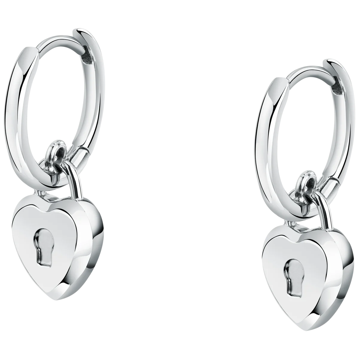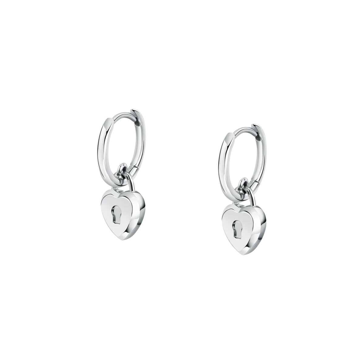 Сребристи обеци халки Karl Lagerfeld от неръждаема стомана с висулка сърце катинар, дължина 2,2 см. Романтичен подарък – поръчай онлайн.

--

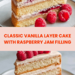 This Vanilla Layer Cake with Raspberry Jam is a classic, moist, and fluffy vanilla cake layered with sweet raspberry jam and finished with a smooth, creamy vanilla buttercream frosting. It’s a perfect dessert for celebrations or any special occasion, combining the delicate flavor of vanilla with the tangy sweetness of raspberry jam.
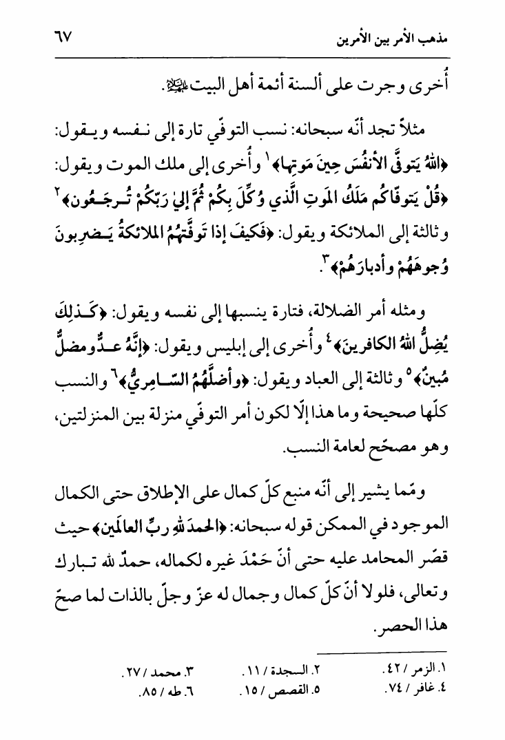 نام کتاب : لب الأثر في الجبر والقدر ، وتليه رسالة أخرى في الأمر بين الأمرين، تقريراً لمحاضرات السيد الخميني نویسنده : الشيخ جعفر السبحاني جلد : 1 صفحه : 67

--

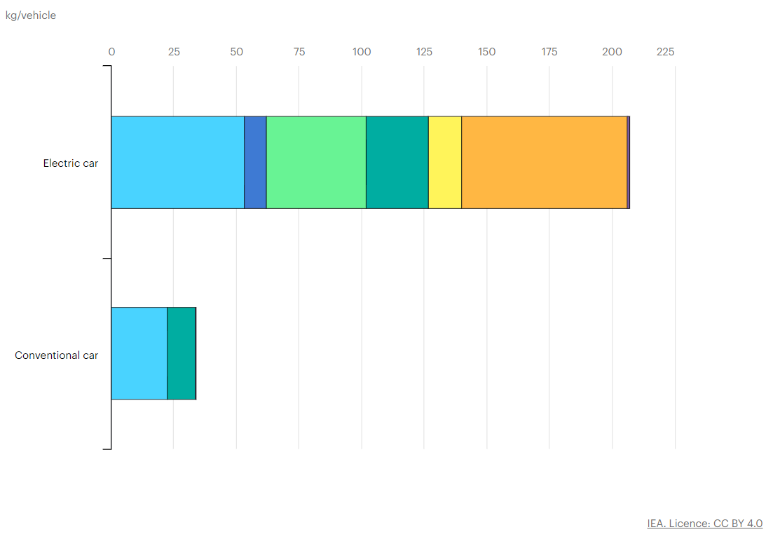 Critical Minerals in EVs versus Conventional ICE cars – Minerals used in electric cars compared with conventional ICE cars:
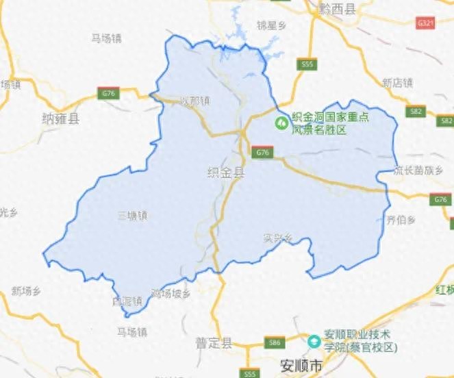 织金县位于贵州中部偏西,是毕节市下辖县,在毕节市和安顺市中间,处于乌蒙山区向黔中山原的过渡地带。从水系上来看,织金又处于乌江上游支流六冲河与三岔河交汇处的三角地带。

**YOUR TASK**. Each line above that falls between the line with "Critical Minerals in" and the line with "织金县位于贵州中部偏西,是毕" should be printed exactly, together with those two lines, but the pictures should not.

**OUTPUT FOR THIS EXERCISE**.
 Critical Minerals in EVs versus Conventional ICE cars – Minerals used in electric cars compared with conventional ICE cars:
 织金县位于贵州中部偏西,是毕节市下辖县,在毕节市和安顺市中间,处于乌蒙山区向黔中山原的过渡地带。从水系上来看,织金又处于乌江上游支流六冲河与三岔河交汇处的三角地带。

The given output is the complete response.